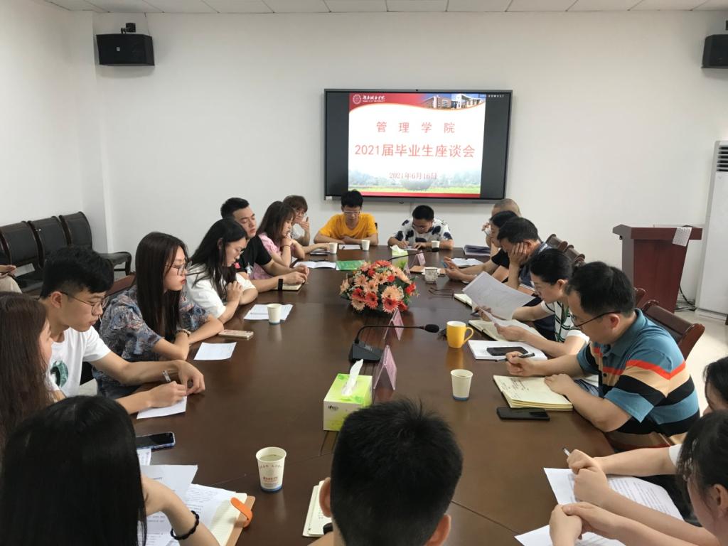 6月16日上午10:30,管理学院在管理楼622室召开 2021届毕业生座谈会。管理学院党委书记徐习军、院长孙倩、副院长赵旭、党委副书记王润华、分管教务工作领导杜林远、学工办主任王方俊、党政办主任周晔、毕业班辅导员李姗、陈再师、张力以及毕业生代表13人参加了此次会议。会议由管理学院院长孙倩主持。
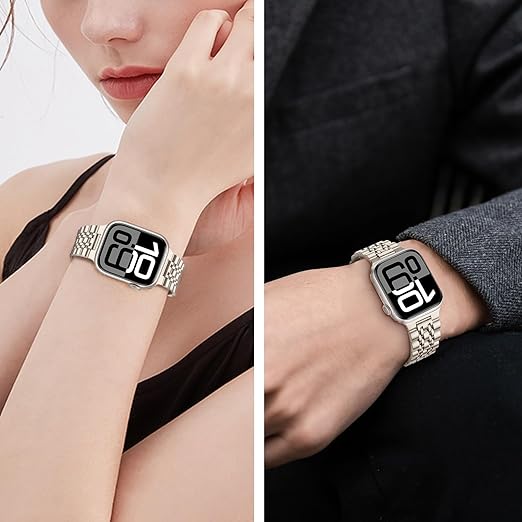 スポーツ バンド と互換性のある Apple Watch 49mm 46mm 45mm 44mm 42mm, プレミアムステンレススチールメタル交換バンドコンパチブル iWatch Ultra 2 Ultra シリーズ 10 9 8 7 6 5 4 3 2 1 SE に対応 男女兼用(スターライト) a
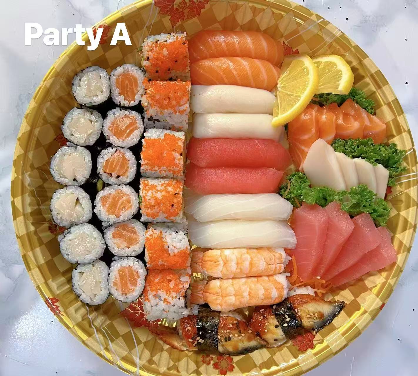 Sashimi (12pcs)Salmon, Snapper, White Tuna.Sushi (12pcs) Salomon, White Tuna, Shrimp, Snapper, BBQ Eel, Crab meat.Maki Roll (18pcs)California Roll, Salmon Roll, White Tuna Roll.
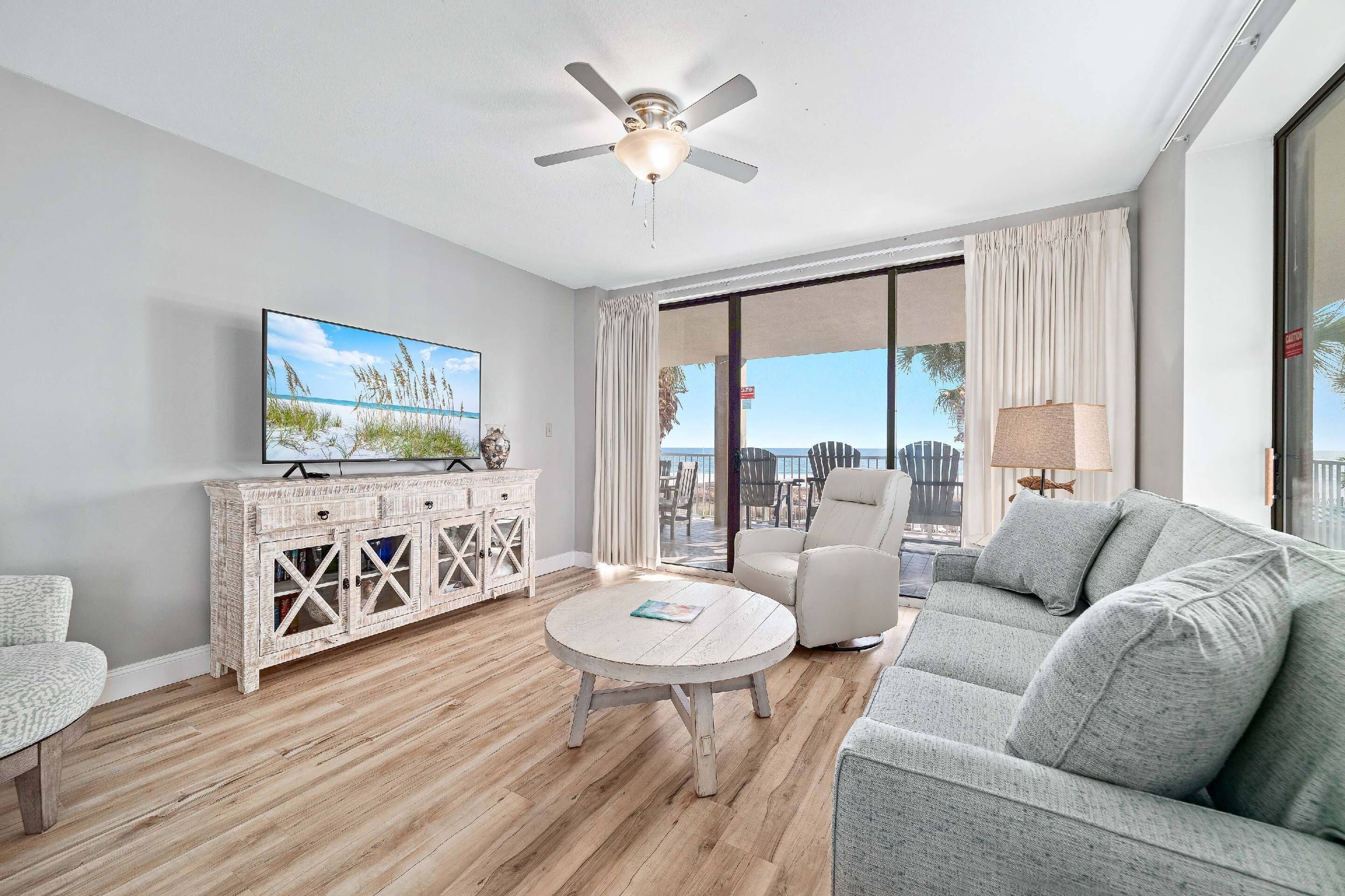 Direct Beachfront Balcony – Relax and soak in expansive Gulf views from your private balcony, complete with outdoor seating.
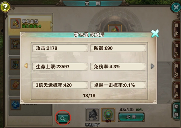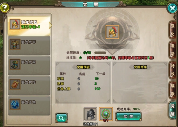 通过觉醒进行升星,每5星需要进行突破,突破后可继续升星,最高可觉醒到15星。每次升星会提升基础的攻防血属性,每次突破会增加特殊属性。更换磐龙装备不会改变该部位的觉醒等级。
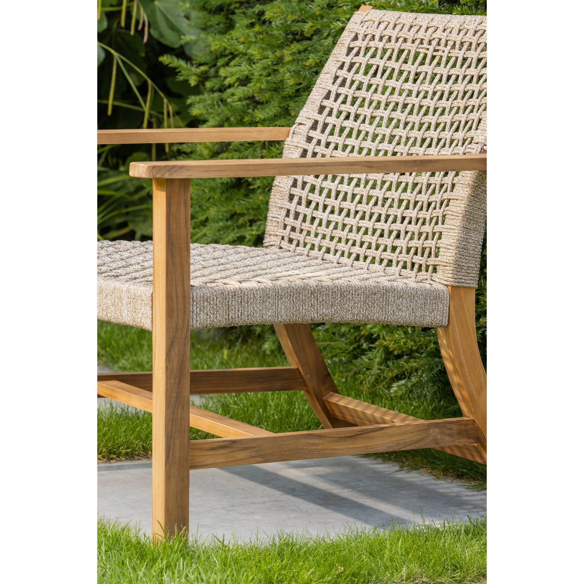 De natuurlijke afwerking van het teakhout zorgt voor een tropische maar ook luxe uitstraling van de fauteuil. Het wijde potenframe en ruime wicker zitoppervlak zorgt ervoor dat het design een relaxt zitoppervlak aanbiedt. Outdoor:
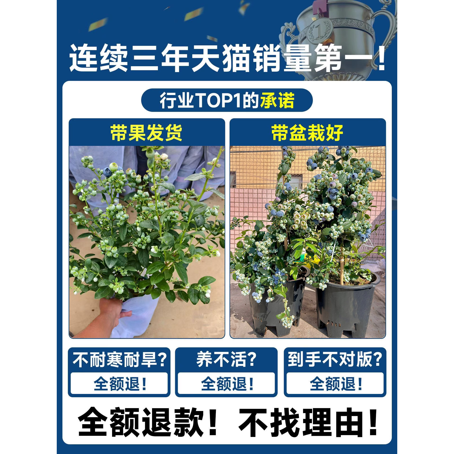 蓝莓树果苗盆栽特大带果蓝梅树苗南北方种植水果苗车厘子四季结
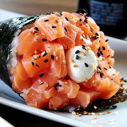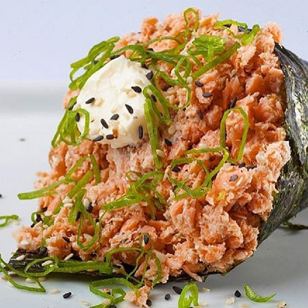 Temaki Massaricado 2 Proteínas (opções: Salmão Cru, Salmão Grelhado, Atum, Camarão, Kanin)
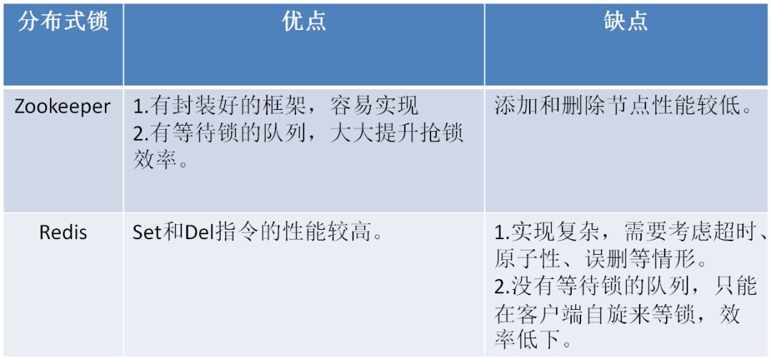 下面的表格总结了Zookeeper和Redis分布式锁的优缺点:
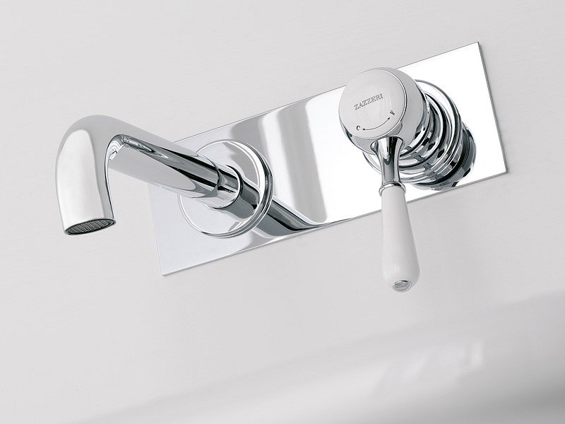 Mélangeur d'évier mural & nbsp; 900 avec levier blanc, finition en chrome poliavec éléments en retrait
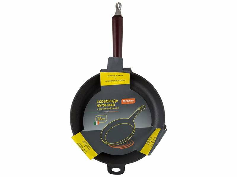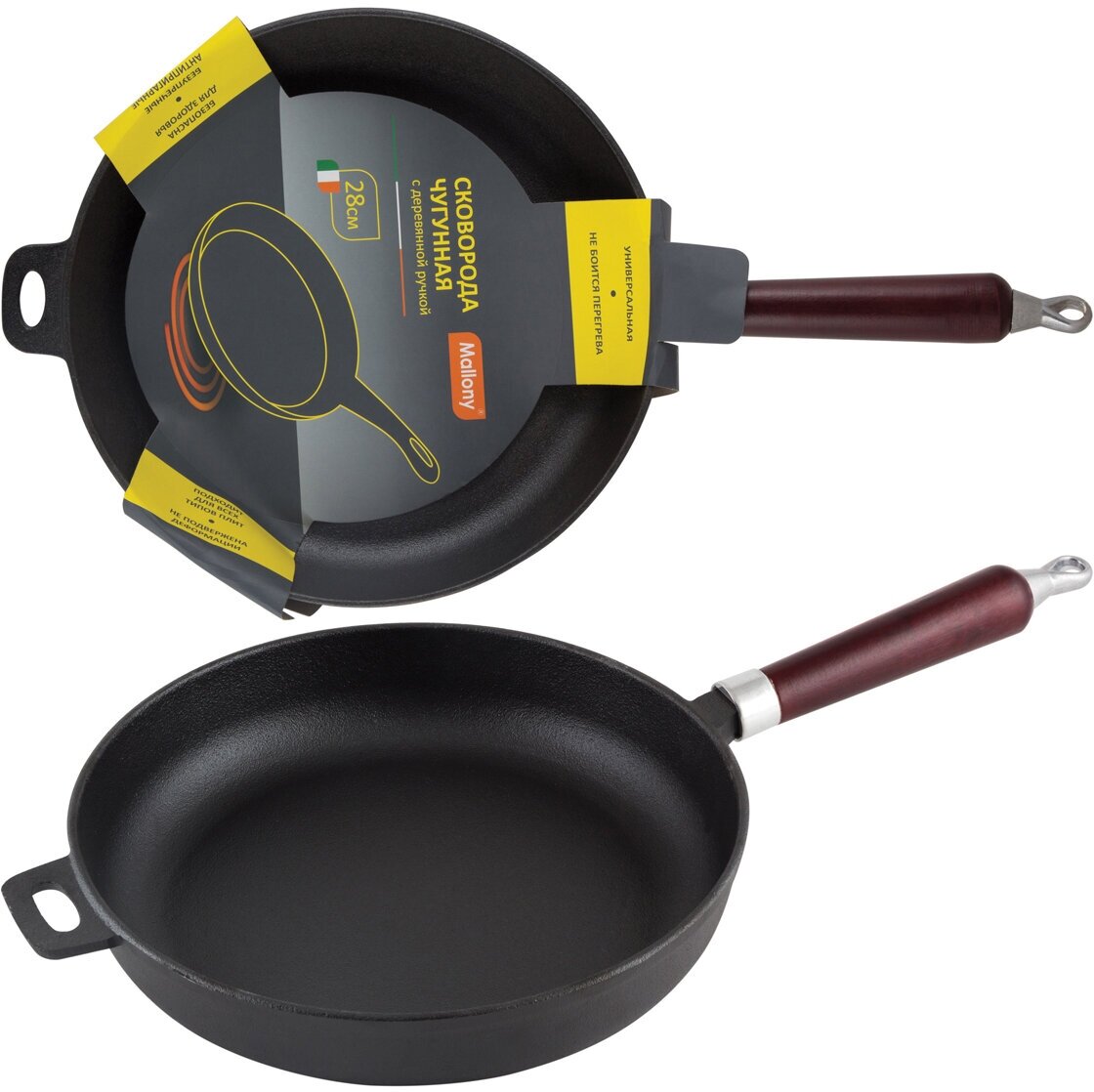 Сковорода Mallony чугунная 28 см, деревянная ручка
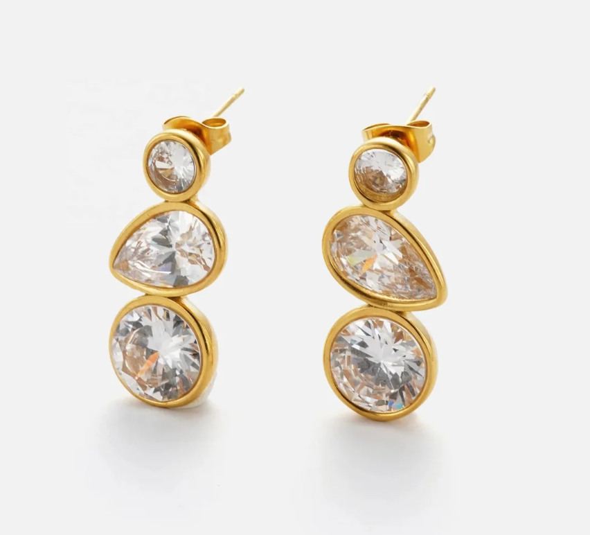Sparkle with style in our Organic Diamond Drop Earrings. Channel set CZ stones & 18K gold drops spread light, while the concave fit & hypoallergenic steel keep you comfy. Classic butterfly closure makes them easy to wear for a lifetime of everyday & all-night glamour.
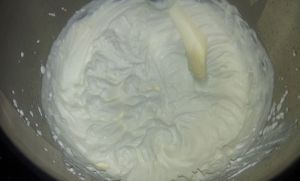 将打发好的奶油分次加入到芝士糊中,轻轻切拌均匀。
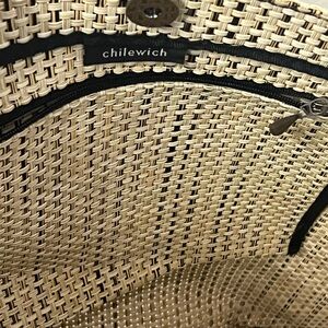 Chilewich Woven Black and Cream Tote Leather Handles Pocket Luxury Beach Bag
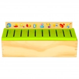 Descoperă jocul didactic din lemn, distractiv pentru cei mici, care îmbină joaca și învățarea. Copiii introduc plăcuțe mici cu imagini în fantele corecte, conform modelelor de pe riglele mari. Susține gândirea logică, motricitatea fină, recunoașterea formelor și imaginilor și primele noțiuni de engleză datorită etichetelor de pe carduri.
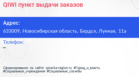 QIWI, пункт выдачи заказов по адресу 633009, Новосибирская область, Бердск, Лунная, 11а в дальнейшем Организация, размещена в следующих категориях:
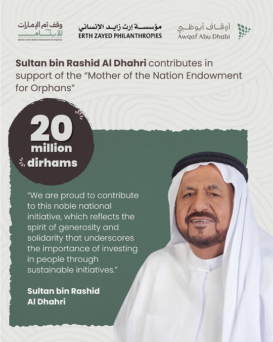 Abu Dhabi, 16 March 2026: Sultan bin Rashid Al Dhahri has contributed AED 20 million in support of the “Mother of the Nation Endowment for Orphans” campaign, launched by the Endowments and Minors’ Funds Authority – Awqaf Abu Dhabi under the patronage of His Highness Sheikh Mohamed bin Zayed Al Nahyan, President of the UAE.
□ □ □ □ □ □ □
Please copy out the whole listing exactly, minus its pictures.

 6月16日上午10:30,管理学院在管理楼622室召开 2021届毕业生座谈会。管理学院党委书记徐习军、院长孙倩、副院长赵旭、党委副书记王润华、分管教务工作领导杜林远、学工办主任王方俊、党政办主任周晔、毕业班辅导员李姗、陈再师、张力以及毕业生代表13人参加了此次会议。会议由管理学院院长孙倩主持。
 スポーツ バンド と互換性のある Apple Watch 49mm 46mm 45mm 44mm 42mm, プレミアムステンレススチールメタル交換バンドコンパチブル iWatch Ultra 2 Ultra シリーズ 10 9 8 7 6 5 4 3 2 1 SE に対応 男女兼用(スターライト) a
 Sashimi (12pcs)Salmon, Snapper, White Tuna.Sushi (12pcs) Salomon, White Tuna, Shrimp, Snapper, BBQ Eel, Crab meat.Maki Roll (18pcs)California Roll, Salmon Roll, White Tuna Roll.
 Direct Beachfront Balcony – Relax and soak in expansive Gulf views from your private balcony, complete with outdoor seating.
 通过觉醒进行升星,每5星需要进行突破,突破后可继续升星,最高可觉醒到15星。每次升星会提升基础的攻防血属性,每次突破会增加特殊属性。更换磐龙装备不会改变该部位的觉醒等级。
 De natuurlijke afwerking van het teakhout zorgt voor een tropische maar ook luxe uitstraling van de fauteuil. Het wijde potenframe en ruime wicker zitoppervlak zorgt ervoor dat het design een relaxt zitoppervlak aanbiedt. Outdoor:
 蓝莓树果苗盆栽特大带果蓝梅树苗南北方种植水果苗车厘子四季结
 Temaki Massaricado 2 Proteínas (opções: Salmão Cru, Salmão Grelhado, Atum, Camarão, Kanin)
 下面的表格总结了Zookeeper和Redis分布式锁的优缺点:
 Mélangeur d'évier mural & nbsp; 900 avec levier blanc, finition en chrome poliavec éléments en retrait
 Сковорода Mallony чугунная 28 см, деревянная ручка
Sparkle with style in our Organic Diamond Drop Earrings. Channel set CZ stones & 18K gold drops spread light, while the concave fit & hypoallergenic steel keep you comfy. Classic butterfly closure makes them easy to wear for a lifetime of everyday & all-night glamour.
 将打发好的奶油分次加入到芝士糊中,轻轻切拌均匀。
 Chilewich Woven Black and Cream Tote Leather Handles Pocket Luxury Beach Bag
 Descoperă jocul didactic din lemn, distractiv pentru cei mici, care îmbină joaca și învățarea. Copiii introduc plăcuțe mici cu imagini în fantele corecte, conform modelelor de pe riglele mari. Susține gândirea logică, motricitatea fină, recunoașterea formelor și imaginilor și primele noțiuni de engleză datorită etichetelor de pe carduri.
 QIWI, пункт выдачи заказов по адресу 633009, Новосибирская область, Бердск, Лунная, 11а в дальнейшем Организация, размещена в следующих категориях:
 Abu Dhabi, 16 March 2026: Sultan bin Rashid Al Dhahri has contributed AED 20 million in support of the “Mother of the Nation Endowment for Orphans” campaign, launched by the Endowments and Minors’ Funds Authority – Awqaf Abu Dhabi under the patronage of His Highness Sheikh Mohamed bin Zayed Al Nahyan, President of the UAE.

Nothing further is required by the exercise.